Collaboration, collaboration, collaboration: This mantra can make the difference between a successful partnership or a contentious experience between architects and contractors.


According to a study by the American Institute of Architects and the Associated General Contractors of America, both groups value early and frequent collaboration as key to building strong relationships. The majority — 80% of architects and 73% of contractors — targeted design development as the ideal project phase for starting the teamwork.


“It’s best when the client brings on contractors for pre-construction advising and cost estimates, so we can include their input during design development,” said architect Kate Conley, partner at San Jose, California-based Architects FORA. “They can offer ideas getting the same result in a more affordable way.”


Architect David Haresign, partner of Washington, D.C.-based Bonstra Haresign ARCHITECTS involves contractors even sooner — at end of schematic design — so they understand reasons behind design choices.

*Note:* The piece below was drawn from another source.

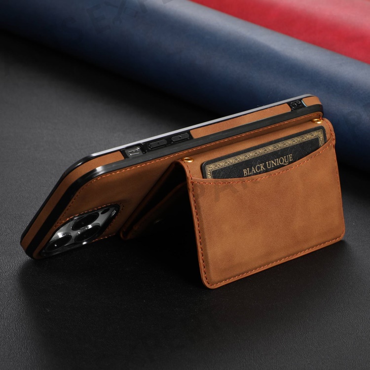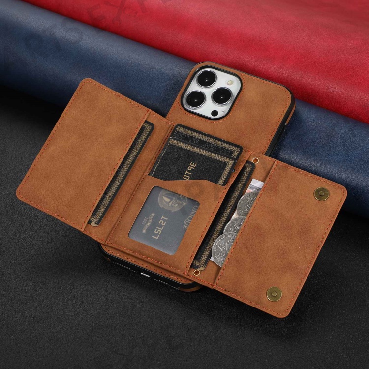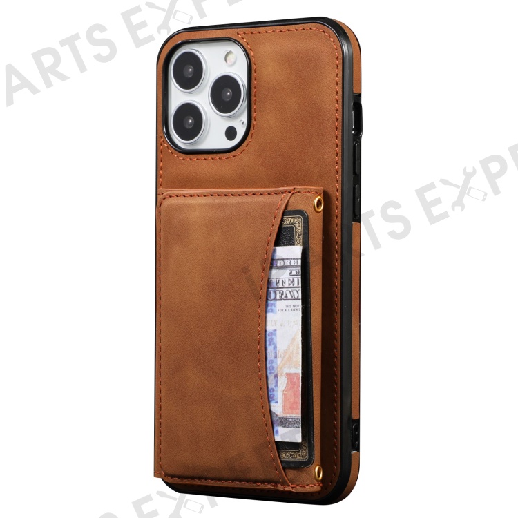 For iPhone 13 Pro Max 6.7 inch Cell Phone Case Scratch-resistant Wallet Design Leather Coated TPU Cover - Brown

He says developers benefit too, because changes cost less when made earlier. His partner, Bill Bonstra, said that this type of close collaboration with contractors “helps us understand how things are built and what they cost.”


Benjamin Kasdan, a principal at Irvine, California-based residential architect firm KTGY who is based in Virginia, said money was saved on a 12-story rental above retail building currently under construction in Washington, D.C., in which the developer originally wanted to use light gauge steel.


“The GC was running cost analysis and it became apparent we were past the limits of economy of scale for that structural system,” Kasdan said. “So we switched the structure to concrete, which also let us add the penthouse amenity space — in particular the pool — and ended up saving the developer money.”

Substitution struggles

While architects expect substitutions, they feel some contractors go overboard, possibly without considering ramifications. More than half of the architects in the AIA/AGC study felt contractors weren’t always considering client interests when proposing substitutions. Kasdan told Construction Dive that chasing savings through multiple substitutions without understanding the big picture can erode a building’s quality and value for the client or future residents.


Pedram Farashbandi, principal at San Francisco-based David Baker Architects, said he’s known contractors to make substitutions because they’re hesitant to try something outside their comfort zone, which hampers innovation.


He wants contractors to ask themselves: “Do my proposed alternatives align with project goals or am I suggesting them simply because they conform to my usual way of doing things?”